Bobbi Meier Exhibit: Imperfect Rituals

Bobbi Meier Exhibit: Imperfect Rituals

Riverside Art Center
Freeark Gallery
32 E. Quincy St.
Riverside, IL
January 8 – February 18
Opening Reception: Sunday, January 8, 3 – 6 pm
On View: Thursday, Friday and Saturday, 1 – 5 pm
Artist Talk and Closing Reception: Saturday, February 18, 2 pm

He drew a circle that shut me out—

Heretic, rebel, a thing to flout.

But Love and I had the wit to win:

We drew a circle and took him in!

—Edwin Markam

Circles, the universal symbol representing notions of totality, wholeness, original perfection, The Self, the infinite, eternity, timelessness. More common everyday usage of ‘the inner circle’ or the family circle helps to bring this experience under the proverbial magnifying glass as a range of emotions in response to daily life events are experienced in close proximity. These expansive inquiries along with the intimate experience of family dinners are at the core of Meier’s body of work, Imperfect Rituals.

Beginning with circular castaway pieces of needlepointed fabric, Meier adorns, stitches, and manipulates each piece, as she remembers emotional experiences encountered during family dinners. Using her “Sunday Dinners” tapestries as a springboard for further inquiry at her Kohler residency, Meier slip-cast organic fabric shapes into porcelain objects, creating wall sculptures that rein in the emotion found in her soft fabric pieces, now replaced with hard edged frames and slick, shiny, surfaces.

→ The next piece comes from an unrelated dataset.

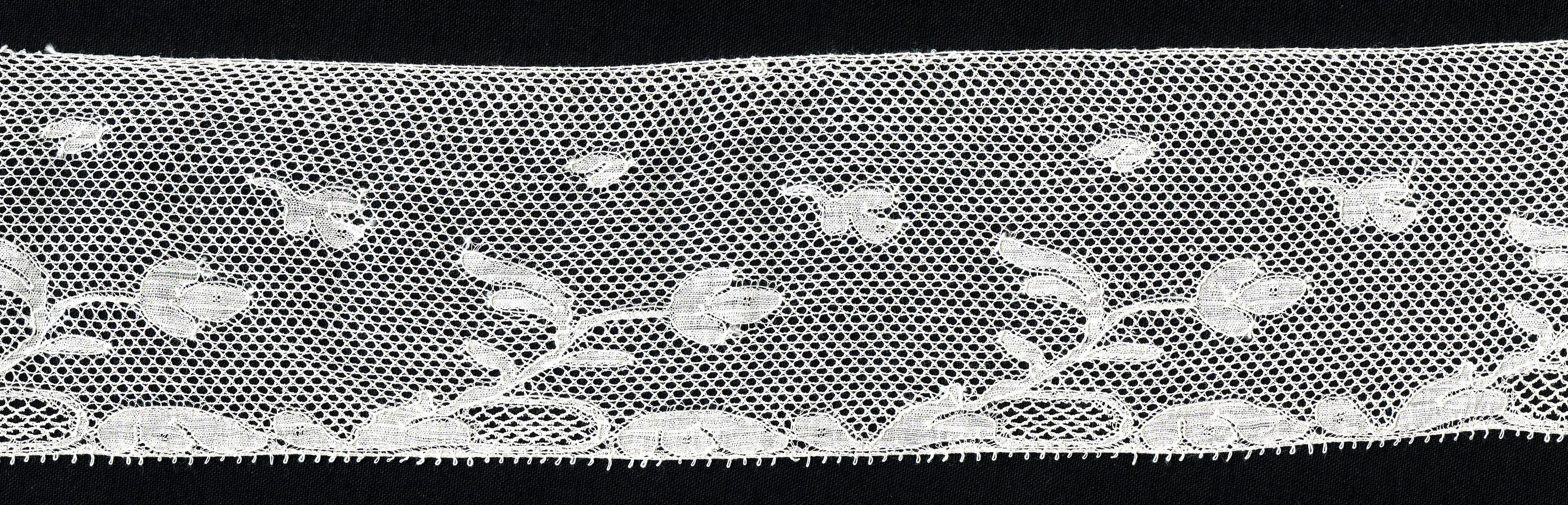 Strook machinale kant in de stijl van Parijse kloskant. De contourdraad ligt aan één zijde van de kant. Hij is aan beide zijden van de motieven afgeknoopt en niet bij ieder motief opnieuw ingelegd. De picots zijn erg regelmatig. Het rapport is ongeveer 8 centimeter.
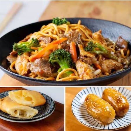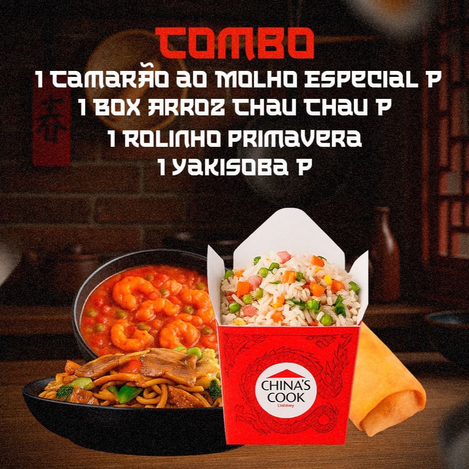1 Harumaki + 1 Yakisoba P + 1 Arroz Chau Chau P + 1 Camarão Ao Molho Especial P

The interiors of her soft sculptures, once hidden, are now revealed becoming hard and contained. In the final and third iteration of this deep dive into family dynamics, “Centerpieces for Matriarchs”, Meier places broken and abstract organ-like porcelain objects inside circular Kohler vessel sinks, now used as bowls, giving each piece a safe place to dwell. Soft to hard, hard to soft, there is a continual search for balance and perfection, placed inside the metaphorical family circle for safekeeping.

—Judith Mullen

I create abstract objects as repositories of human emotion. The home-like architecture of the Freeark gallery provides a fitting environment for my installation. On display are repurposed, needlework portraits, sculptural objects of porcelain and fabric, invented tchotchkes, drawings, interrupted domestic furniture, and the muted sounds of family gatherings. I use these materials as a foundation for re-invention of the decor of my childhood home and as a reflection of the labors of my mother and grandmother. The installation is imbued with emotional reactions to the break in personal, social, and political rituals of the past six years.

A litany of human emotions—longing, anger, fear, sadness, humor, frustration, desire, embarrassment, and the experiences that propel these feelings—are on my mind as I produce my work. I am interested in the connection between the meaning that is inherently present in domestic materials and their relationship to body and memory. At my Kohler residency in 2019, I translated the tactility of spandex and pantyhose from soft to hard through the porcelain slip-casting process, which allowed the interior of the soft sculptures to be revealed in a new skin and become two bodies of work: Family Portraits and Centerpieces for Matriarchs. These parallel threads of porcelain objects became a further development of the tapestry portraits: Sunday Dinners. In these series, abstracted forms are stand-ins for family dynamics, feelings and thoughts that lie beneath the surface and are present on the surface. Buttoned-up emotions, secrets, and misunderstandings compete for attention in our search for perfection.

Rituals of daily living shifted dramatically in our life when our daughter and her family of 4 moved in with us in our two-bedroom home during the early days of the pandemic. Two children under age three became the driving force in rituals of bathing, eating, working, exercising and relaxing. Making art was practically non existent. Snippets of alone time became stolen moments to create and listen to the family slowly waking during early morning solitude. This nearly year-long communal living experience is the source for the sound installation Listening: Family Shadows.

Imperfect Rituals emphasizes our fraught connections in families. What we choose to reveal and what we do not, our perceived flaws, the feelings we hide and the thoughts that remain unspoken. Through aggressive and cathartic manipulation of domestic materials, I am expressing the complexity of lived experiences, the messiness of relationships, and the fragility of our bodies.